Renee Ellmers making overtures to GOP’s left wing?

 

A TV ad during the May primary promoted congresswoman Renee Ellmers as “North Carolina’s most conservative member of Congress.” It also plugged her as a fighter for “traditional marriage” and the free market.

That ad helped her get renominated in a new, more conservative district, and likely reelected for two more years in Washington.

After the primary we hear about her 59 (out of a potential 100) percent conservative ranking by The Club For Growth — making her one of the least conservative Republicans in the state’s delegation.  She beat out only Walter Jones. 

Now, she and her office are promoting a column she wrote for The Ripon Society’s in-house publication.

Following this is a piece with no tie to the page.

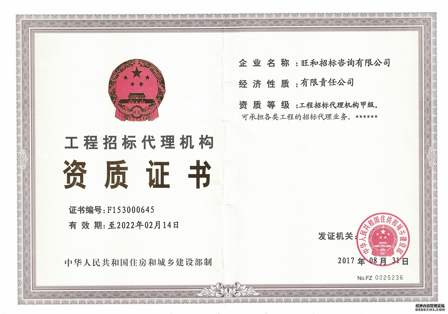 工程招标代理机构甲级资质由中华人民共和国住房和城乡建设部认证颁发,可以在全国范围内承接各类建筑、市政、公路、水利等项目的施工、监理、勘察设计等招标代理业务。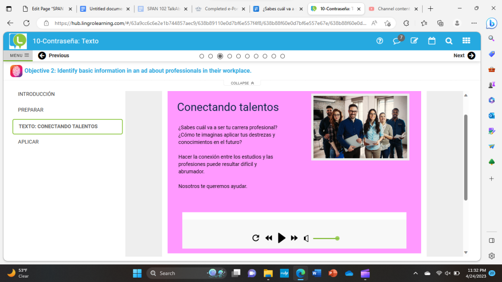 I decided to add this screenshot and combine both of the interpretive reading and listening. The screenshot shows the ‘Texto: Conectando talentos’ section from unit 10.

What’s The Ripon Society?  Here’s what their web site says:

 […]  The first public statement of the Ripon Society was written in the weeks following the assassination of President John F. Kennedy. It was distributed to Republican leaders on January 6, 1964, as a new session of Congress convened and as the 1964 Presidential campaign officially began. In their own words, the founding members of The Ripon Society declared:

        “While we yet sorrow, so must we seize this moment before our thoughts slip away to be lost in the noise of ‘life as usual.’ It is in this context that we have chosen to speak. We speak as a group of young Republicans to that generation which must bear the responsibility for guiding our party and our country over the coming decades. We speak for a point of view in the Republican Party that has too long been silent.

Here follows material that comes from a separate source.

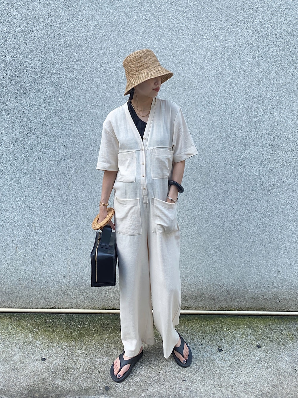 MARIENT新作のリネンサロペット 首元もスッキリ見え カジュアルすぎない1枚です☺️ 見て頂きありがとうございます♪ Instagram 👉mariko____wear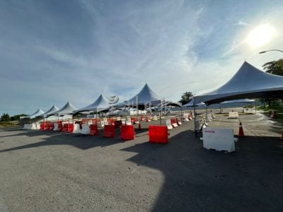 必打丹提名中心现场搭好多个帐篷,供候选人支持者遮荫。

“We believe that the future of our party lies not in extremism, but in moderation. The moderate course offers the Republican Party the best chance to build a durable majority position in American politics. This is the direction the party must take if it is to win the confidence of the “new Americans” who are not at home in the politics of another generation: the new middle classes of the suburbs of the North and West – who have left the Democratic cities but have not yet found a home in the Republican party; the young college graduates and professional men and women of our great university centers – more concerned with “opportunity” than “security”, the moderate of the new South – who represent the hope for peaceful racial adjustment and who are insulted by a racist appeal more fitting another generation. These and others like them hold the key to the future of our politics.

        “We believe that the Republican Party should accept the challenge to fight for the middle ground of American politics. The party that will not acknowledge this political fact of life and courageously enter the contest for power does not merit and cannot possibly win the majority support of the American people.” — The Ripon Papers – 1968  […]

In other words, think of snobs like Cheers’ Frasier Crane or former Massachusetts Gov. William Weld.  They think those people with the Southern accents who go to church every Sunday are KILLING the GOP.  

The site for the “Republicans For Choice” political action committee identifies The Ripon Society as “a pro-choice favorable Republican organization.”    Timothy Noah, writing in The New York Times Sunday Book Review, describes Ripon as “an influential liberal group.”  The Seattle Times describes Ripon as “the liberal GOP wing.” The Chicago Tribune describes Ripon as “a liberal GOP group.”

So, it’s not just ME

The Ripon Society was critical of the 1964 Goldwater campaign, and both of Reagan’s terms and campaigns. Not exactly a bunch of flaming right-wingers.

It’s her right to be a left-of-center  — ahem, moderate — Republican if she wants to.  Renee just needs to tell us the truth — campaign as what she really is.